PCI DSS — card data handling
If you touch raw card numbers, you're in PCI scope: hundreds of pages of requirements, annual audits. Avoidance is the strategy: use tokenization (Stripe, Adyen, Braintree return tokens). Your app only sees tokens; processor handles raw data. Reduces scope from PCI Level 1 to PCI SAQ A.
GDPR and consent
User consent for agent-initiated payments must be explicit, specific, informed. Pre-checked boxes don't count. Withdrawal must be as easy as granting. The consent record (timestamp, scope, version) is itself sensitive data — protect it.
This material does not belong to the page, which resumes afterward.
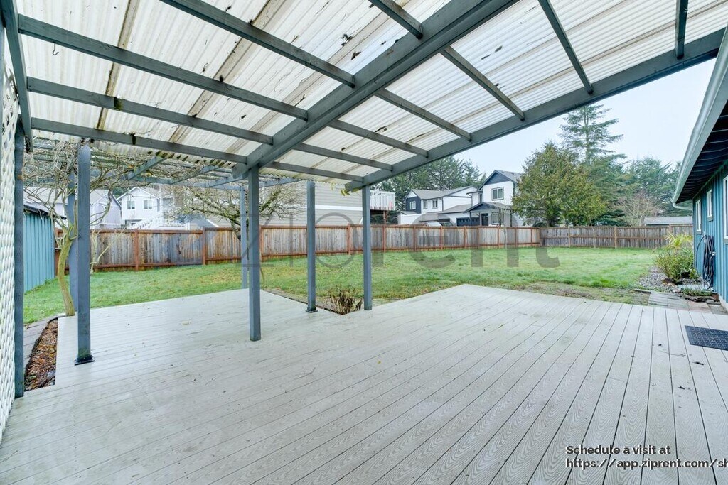 This property is available. Please inquire on this site to schedule a showing. Welcome to this charming single-story home located at 9516 Holly Drive, Everett, WA 98204. This beautifully updated residence boasts a vibrant exterior with a welcoming purple front door, setting the tone for the stylish interiors. Inside, you'll find an open-concept living area with sleek laminate flooring and a cozy fireplace, perfect for relaxing evenings. The modern kitchen is a chef's delight, featuring stainless steel appliances, granite countertops, and a chic tile backsplash. Natural light floods the space through large windows and sliding glass doors that lead to the expansive backyard. The home offers a spacious primary suite with plush carpeting and ample closet space, providing a comfortable retreat. The additional bedrooms are equally inviting, with neutral tones and plenty of room for personalization. The bathrooms are tastefully designed with contemporary fixtures and finishes. Outside, the generous backyard is fully fenced, offering privacy and a great space for outdoor activities. A covered patio area is ideal for year-round entertaining. Located in a convenient neighborhood, this home is close to schools, shopping, and parks, making it a perfect choice for those seeking a blend of comfort and convenience. Available: NOW Heating: Baseboard Cooling: None Appliances: Refrigerator, Range Oven, Microwave, Dishwasher Laundry: In Unit Parking: Off Street, 3 spaces Pets: Dogs Allowed, Small Dogs Allowed, Large Dogs Allowed, Cats Allowed Security deposit: $3,225.00 Included Utilities: None Additional Deposit/Pet: $500.00 Disclaimer: Ziprent is acting as the agent for the owner. Information Deemed Reliable but not Guaranteed. All information should be independently verified by renter.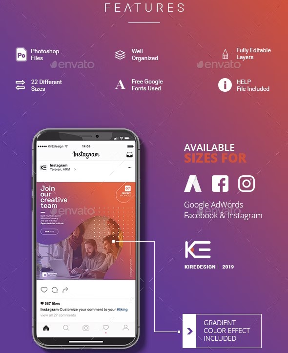 22 different sizes in separate PSD files, grouped, named and fully editable PSD files. Easy to add an image with smart objects. Easy to change the text and the color. Help file included, 72 dpi, RGB color mode.

Strong Customer Authentication (SCA)
EU PSD2 requires SCA for most online payments: two of (something you know, have, are). Card-on-file flows are mostly exempt under merchant-initiated transactions, but only if the agent's scope was properly authorized initially. Get the initial auth right; renewals are easier.
Regional KYC and AML
Marketplaces in many jurisdictions are 'money transmitters' under local law. KYC (Know Your Customer) on merchants: identity verification, sanctions list checks. AML (Anti-Money Laundering): transaction monitoring, suspicious activity reporting. Compliance partners (Stripe Connect, Plaid Identity) handle most of this.
Agent-specific gray areas
Regulators are still catching up. Open questions: is an agent's purchase a 'recurring' or 'one-time' transaction (affects SCA exemptions)? What's the customer-of-record for refunds? Document your interpretation, watch for guidance, plan to change if rules clarify.